Peguei no papel que mantive guardado no bolso, depois da aula de Filosofia e rasguei-o. Aproximei-me de um caixote e deixei lá os pequenos pedaços rasgados.

- Sugerir que frequentasse a psicóloga da escola.

- E esse era o papel para…?

- Para o meu pai assinar e concordar. – Esclareci. – Não sou eu quem tenho um problema.

- Nisso tens razão. Será que a Sandra e a Júlia receberam a mesma sugestão?

- Não sei e nem me interessa. Aliás, nem acredito que isso resolva as coisas. Algumas pessoas simplesmente não mudam. – Falei, ajeitando o meu cabelo pela terceira vez. O vento estava a irritar-me. Porém estava a tentar manter-me fiel à promessa de usar o meu cabelo solto.  

- Acho que as pessoas mudam. – Disse o Mário ao meu lado. – Olha tu por exemplo, parece que estás diferente… ou já eras assim e não deixavas ninguém ver.

- Achas mesmo? – Perguntei curiosa com o que me acabava de dizer e ele assentiu, dizendo:

- Quando a Kiara nos apresentou, fiquei com a impressão de que eras tímida, estudiosa e muito na tua, ou seja, não querias problemas. Às vezes, ainda vejo isso mas outras vezes, pareces uma outra pessoa… e essa para ser sincero, é bem interessante.

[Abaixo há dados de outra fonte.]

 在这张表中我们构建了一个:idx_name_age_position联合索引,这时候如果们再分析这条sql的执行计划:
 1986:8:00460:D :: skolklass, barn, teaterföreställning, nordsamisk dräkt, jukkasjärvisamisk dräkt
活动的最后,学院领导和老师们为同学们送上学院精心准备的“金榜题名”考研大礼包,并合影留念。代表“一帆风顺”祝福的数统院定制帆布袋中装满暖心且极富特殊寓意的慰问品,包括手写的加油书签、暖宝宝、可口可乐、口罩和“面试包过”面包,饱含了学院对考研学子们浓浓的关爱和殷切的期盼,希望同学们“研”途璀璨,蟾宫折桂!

Sorri e agradeci num tom mais baixo, continuando a caminhar à sua frente. Interessante. A pessoa que sempre escondia atrás de todos os meus silêncios e ausências era interessante. A pessoa que não pensava assim tão bem dos outros e muitas vezes, nem queria ser simpática era interessante. Não era uma ideia apenas do Vasco, mas parecia também ter chamado a atenção do Mário que na ausência de Kiara, pensei que fosse andar mais com os outros amigos. Porém, aproveitava cada intervalo desse dia para estar na minha companhia, alguém que normalmente ficava na biblioteca, alguém que comia sozinha sentada em algum sítio discreto ou num círculo de pessoas ficava sempre de parte. Sempre tive a teoria de que não participava nas conversas dos outros porque estas não captavam a minha atenção. Não me identificava com nada do que era dito e portanto, sem nada a acrescentar ao tema, silenciava-me. Isso sempre foi encarado como alguma antipatia da minha parte em que me recusava a ser social. Na verdade, calava-me não só, por não ter nada que dizer, mas também porque se dissesse o que pensava, poderia ofender alguém.

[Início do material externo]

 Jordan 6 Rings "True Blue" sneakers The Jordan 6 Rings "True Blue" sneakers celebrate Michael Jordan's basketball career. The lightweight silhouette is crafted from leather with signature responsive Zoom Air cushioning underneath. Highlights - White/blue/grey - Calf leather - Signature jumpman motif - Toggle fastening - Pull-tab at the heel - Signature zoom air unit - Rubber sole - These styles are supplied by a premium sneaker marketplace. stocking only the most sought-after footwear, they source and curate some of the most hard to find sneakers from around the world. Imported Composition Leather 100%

- Queres ficar comigo hoje? – Ofereceu-me o Mário, durante a aula de Educação Física.

- Pode ser. – Concordei.

O Mário nunca foi antipático ou tentou ignorar-me antes, aliás tentava muitas vezes, tal como a Kiara convidar-me para passar mais tempo com eles. Mesmo assim, era inesperado para mim que continuasse a comportar-se da mesma forma, na ausência da namorada. Pensei que fosse correr para estar com os amigos e não com a amiga da namorada. Alguma parte dentro de mim questionava-me sobre isso. Desde que tinha decidido deixar a minha mudança nas mãos do Vasco, arriscava dizer que o Mário parecia bem mais atento e simpático. Será que a aparência é mesmo tudo? Bastava vestir-me um pouco melhor para até o namorado da minha amiga ver-me de outra forma? Não sei até que ponto gostava disso, mas por outro lado, era melhor estar na companhia dele do que passar o dia de aulas completamente sozinha como era o habitual.